• **Task prompt**: In the material below, find the line containing "清早期 紫檀有束腰馬蹄足鼓腿彭牙方凳成對 |" and the line containing "馬蹄，在牙條正中雕刻一枚倒垂", then reproduce exactly both of them and every line between, and nothing else.

• **Data extract**:
Segment Open
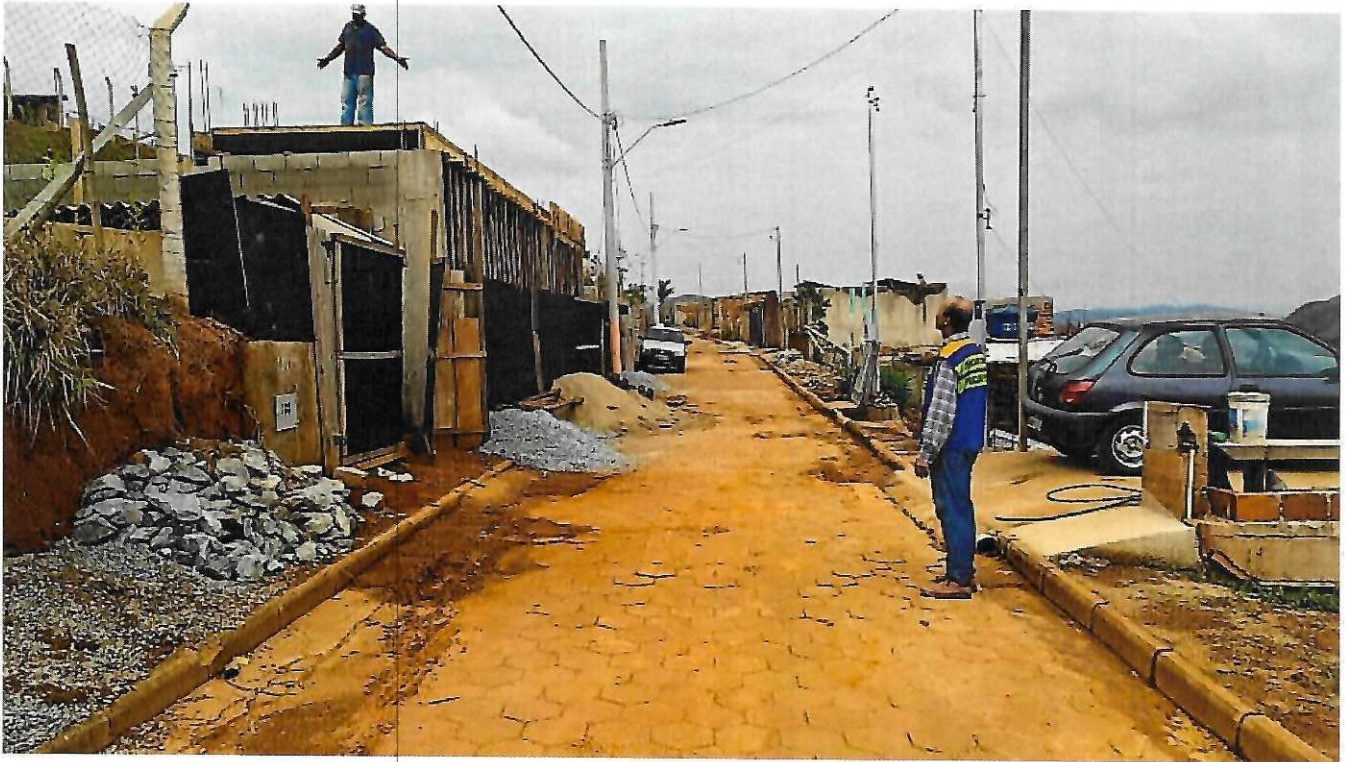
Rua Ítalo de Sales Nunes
Segment Closed
Segment Open
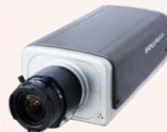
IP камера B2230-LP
Segment Closed
Segment Open
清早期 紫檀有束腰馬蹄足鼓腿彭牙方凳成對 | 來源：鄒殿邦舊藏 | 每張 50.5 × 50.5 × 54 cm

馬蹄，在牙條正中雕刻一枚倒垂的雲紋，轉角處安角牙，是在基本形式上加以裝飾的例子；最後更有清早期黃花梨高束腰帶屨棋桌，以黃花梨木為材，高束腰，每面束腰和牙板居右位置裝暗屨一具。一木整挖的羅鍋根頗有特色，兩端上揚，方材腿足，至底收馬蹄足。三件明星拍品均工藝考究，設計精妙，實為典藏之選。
Segment Closed
• **Expected answer**:
清早期 紫檀有束腰馬蹄足鼓腿彭牙方凳成對 | 來源：鄒殿邦舊藏 | 每張 50.5 × 50.5 × 54 cm

馬蹄，在牙條正中雕刻一枚倒垂的雲紋，轉角處安角牙，是在基本形式上加以裝飾的例子；最後更有清早期黃花梨高束腰帶屨棋桌，以黃花梨木為材，高束腰，每面束腰和牙板居右位置裝暗屨一具。一木整挖的羅鍋根頗有特色，兩端上揚，方材腿足，至底收馬蹄足。三件明星拍品均工藝考究，設計精妙，實為典藏之選。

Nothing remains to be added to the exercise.